'''

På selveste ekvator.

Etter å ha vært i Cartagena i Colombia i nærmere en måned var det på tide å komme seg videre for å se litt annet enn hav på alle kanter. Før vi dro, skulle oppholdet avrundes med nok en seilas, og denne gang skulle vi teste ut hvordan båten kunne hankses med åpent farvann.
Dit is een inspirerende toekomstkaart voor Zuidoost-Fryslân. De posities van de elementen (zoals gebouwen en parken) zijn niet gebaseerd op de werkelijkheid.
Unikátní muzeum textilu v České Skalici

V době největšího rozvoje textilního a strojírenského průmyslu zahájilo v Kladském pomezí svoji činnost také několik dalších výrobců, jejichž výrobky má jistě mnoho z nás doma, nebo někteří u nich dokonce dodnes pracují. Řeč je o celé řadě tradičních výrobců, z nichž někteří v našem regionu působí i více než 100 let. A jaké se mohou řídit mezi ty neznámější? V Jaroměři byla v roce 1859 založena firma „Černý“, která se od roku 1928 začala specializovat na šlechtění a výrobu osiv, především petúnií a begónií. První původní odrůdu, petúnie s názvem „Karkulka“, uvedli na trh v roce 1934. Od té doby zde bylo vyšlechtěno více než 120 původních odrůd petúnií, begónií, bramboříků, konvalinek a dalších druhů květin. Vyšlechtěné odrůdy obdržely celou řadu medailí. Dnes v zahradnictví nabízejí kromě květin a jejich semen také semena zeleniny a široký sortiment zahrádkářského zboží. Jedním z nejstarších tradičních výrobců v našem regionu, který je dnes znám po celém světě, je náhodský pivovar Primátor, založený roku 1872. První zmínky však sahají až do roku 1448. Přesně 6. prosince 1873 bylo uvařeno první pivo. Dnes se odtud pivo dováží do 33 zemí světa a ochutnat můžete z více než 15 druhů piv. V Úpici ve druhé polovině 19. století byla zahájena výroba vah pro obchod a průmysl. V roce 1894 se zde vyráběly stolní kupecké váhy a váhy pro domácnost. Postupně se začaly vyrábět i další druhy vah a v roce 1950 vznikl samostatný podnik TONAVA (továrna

'''

### Task item
Please restate only the opening stretch of the records above: every line from the first through the one containing "Unikátní muzeum textilu v České Skalici", exactly as written.

### Task output
På selveste ekvator.

Etter å ha vært i Cartagena i Colombia i nærmere en måned var det på tide å komme seg videre for å se litt annet enn hav på alle kanter. Før vi dro, skulle oppholdet avrundes med nok en seilas, og denne gang skulle vi teste ut hvordan båten kunne hankses med åpent farvann.
Dit is een inspirerende toekomstkaart voor Zuidoost-Fryslân. De posities van de elementen (zoals gebouwen en parken) zijn niet gebaseerd op de werkelijkheid.
Unikátní muzeum textilu v České Skalici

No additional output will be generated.